The whole listing needs retyping exactly; keep the pictures out of it.

§ INFORMATION SHOWN:

--------------------

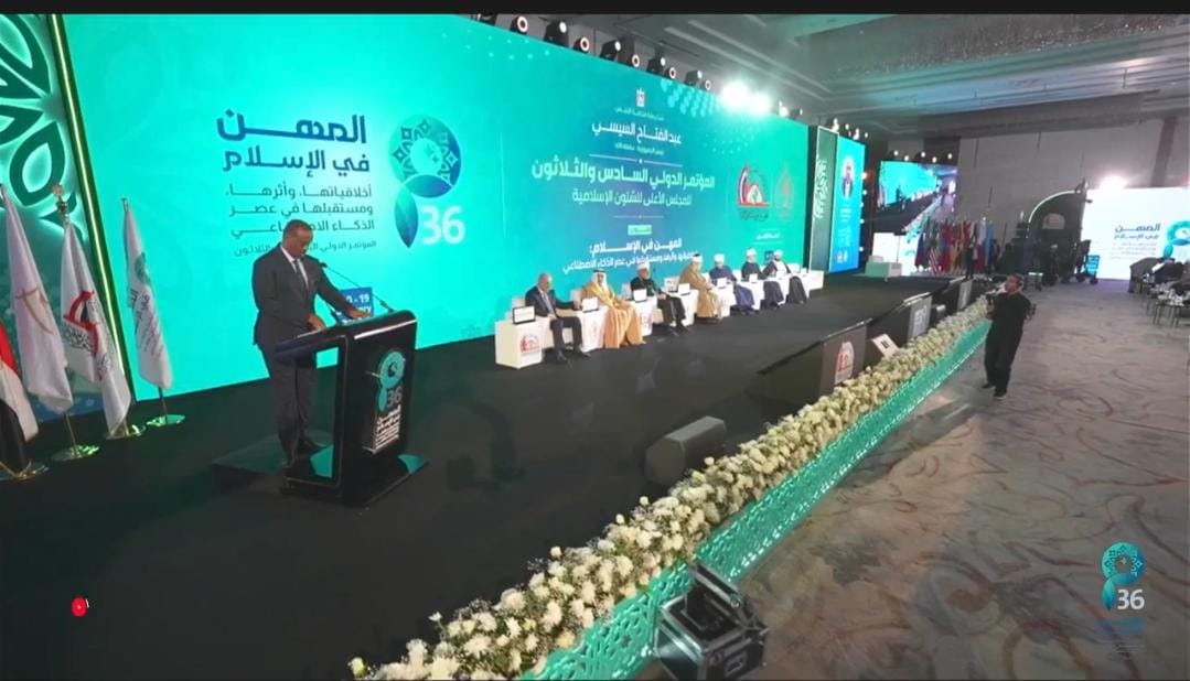 في كلمته بالمؤتمر الدولي السادس والثلاثين وزير الأوقاف الأردني : حضارة الإسلام قامت على العمل وإتقان المهن ويرفض خطاب الزهد السلبي
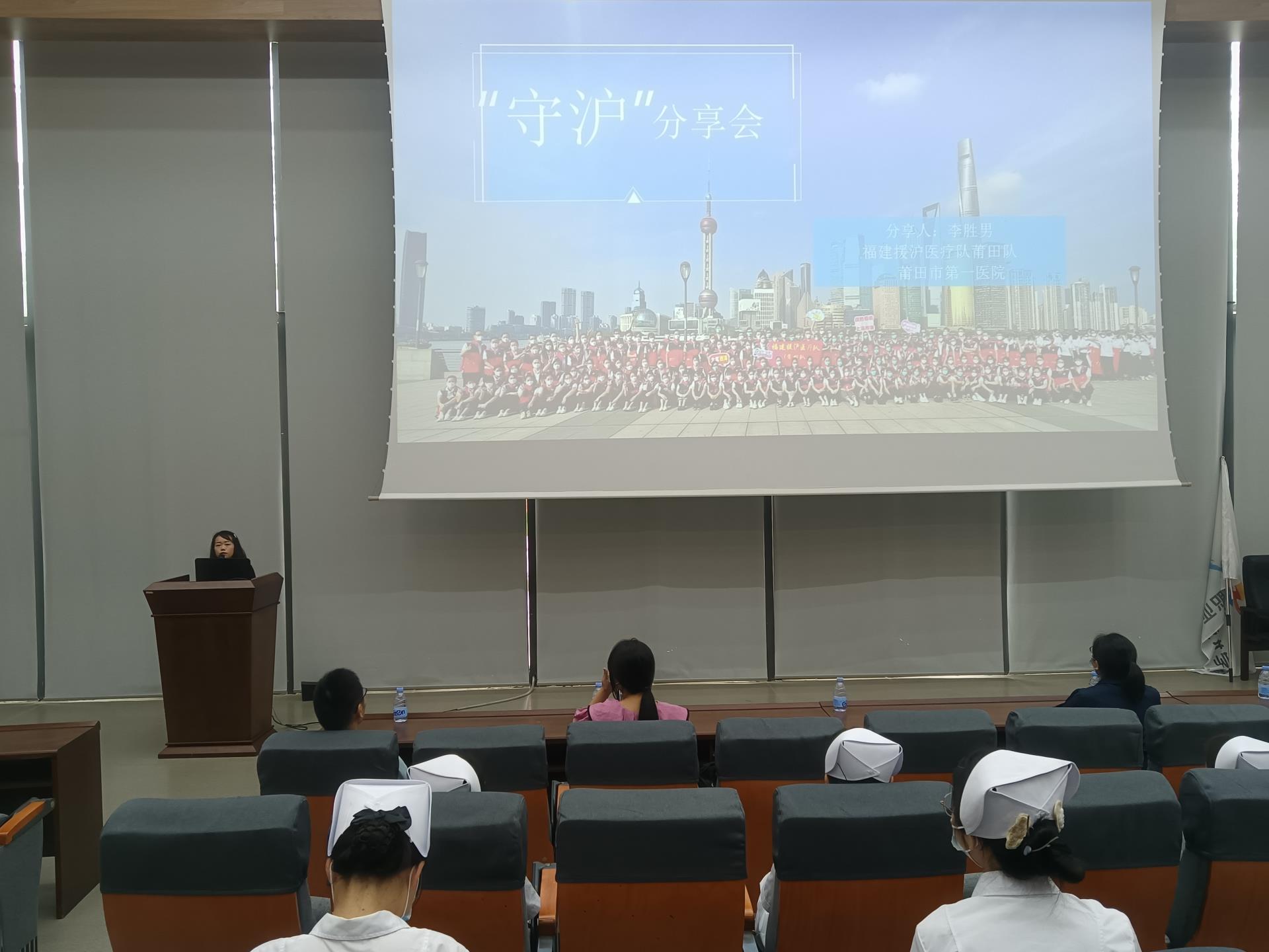 本次讲座分别邀请了援沪医疗队、莆田市第一医院李胜男主管护师、福建妇产医院叶冬梅学姐以及莆田涵江医院郑漂漂学姐,为在校毕业生分享援沪、在莆抗疫过程的点滴经历及收获的感动与心得。讲座由朱杰老师主持,近200名2022届毕业生同学参加。
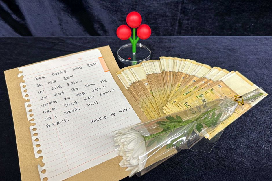 익명의 기부자인 '경남 나눔천사'가 전달한 상자 내 희생자를 추모하는 국화꽃 한 송이, 정성스럽게 눌러 쓴 손편지, 그리고 500만 원이 담긴 현금 봉투가 함께 담겨 있다. 경남 사랑의열매

--------------------

§ RESULT OF THE TASK:
 في كلمته بالمؤتمر الدولي السادس والثلاثين وزير الأوقاف الأردني : حضارة الإسلام قامت على العمل وإتقان المهن ويرفض خطاب الزهد السلبي
 本次讲座分别邀请了援沪医疗队、莆田市第一医院李胜男主管护师、福建妇产医院叶冬梅学姐以及莆田涵江医院郑漂漂学姐,为在校毕业生分享援沪、在莆抗疫过程的点滴经历及收获的感动与心得。讲座由朱杰老师主持,近200名2022届毕业生同学参加。
 익명의 기부자인 '경남 나눔천사'가 전달한 상자 내 희생자를 추모하는 국화꽃 한 송이, 정성스럽게 눌러 쓴 손편지, 그리고 500만 원이 담긴 현금 봉투가 함께 담겨 있다. 경남 사랑의열매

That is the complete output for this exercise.